One of these presenters was John Leite, Ph.D., vice president of oncology market development and product management, Illumina. Dr. Leite emphasized the need to work with “all of the stakeholders involved in the oncology community to achieve consensus on what products can best serve this market, and to develop the evidence needed to support the clinical adoption of those products and physician/patient demand.” These stakeholders include regulators, advocacy groups, payers, and scientists.”

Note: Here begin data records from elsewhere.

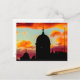 Helsinki Cathedral (Helsingin tuomiokirkko) at dusk. Red clouds on background. Postcard.
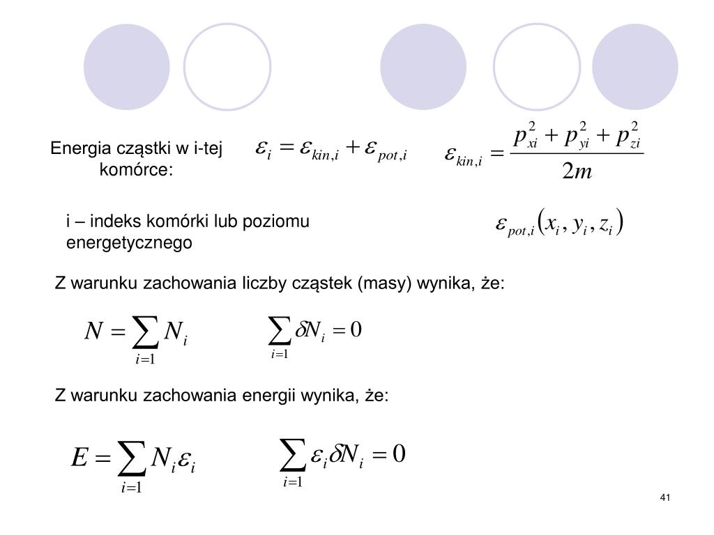 Energia cząstki w i-tej komórce: i – indeks komórki lub poziomu energetycznego Z warunku zachowania liczby cząstek (masy) wynika, że: Z warunku zachowania energii wynika, że:
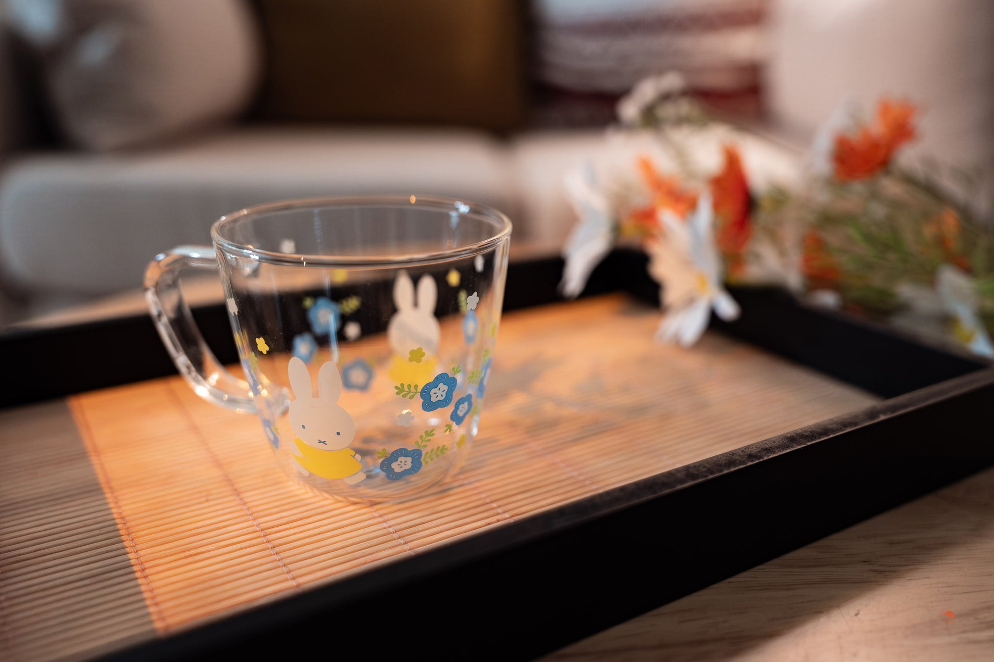 最迷人的瞬間,就是倒入牛奶或氣泡飲的時候!🥛 原本透明的背景瞬間染上顏色,讓藍色小花和米飛兔更加立體顯眼。 圓潤的杯身手感極佳,寬口徑設計方便清洗,也適合做優格杯或拿鐵杯。光線穿透玻璃灑落的影子,也是午後最療癒的風景。
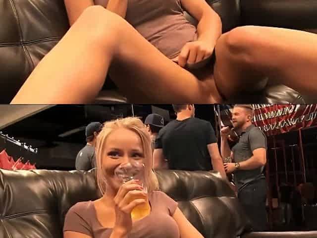 Pantiless Hot Blonde in Public at a Party
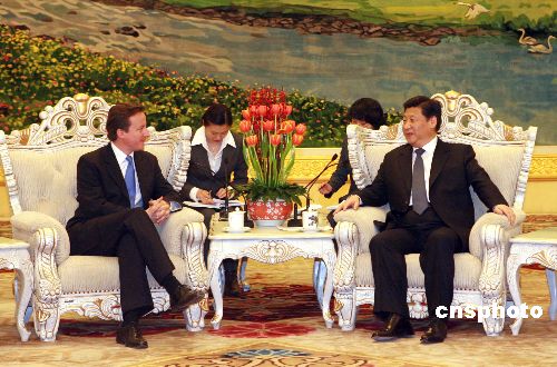 十二月十九日,中共中央政治局常委、書記處書記習(xí)近平在北京人民大會堂會見了由英國保守黨領(lǐng)袖戴維·卡梅倫率領(lǐng)的英國保守黨代表團(tuán)。中新社發(fā) 廖文靜 攝

“To many stakeholders, adoption of NGS solutions requires clinical data that demonstrates the value of such solutions,” added Dr. Leite. “Clinical trials are the best mechanism to generate the technical and clinical data that measures change to patient outcome as a result of the implementation.”

Liquid Biopsies

“A growing tumor continuously sheds dead cells, spewing its genomic material, which goes into the blood and then the urine,”said Mark Erlander, Ph.D., CSO at Trovagene. “We use urine as a truly noninvasive liquid biopsy method for detection and monitoring of cancer patients with our Precision Cancer Monitoring (PCM) platform.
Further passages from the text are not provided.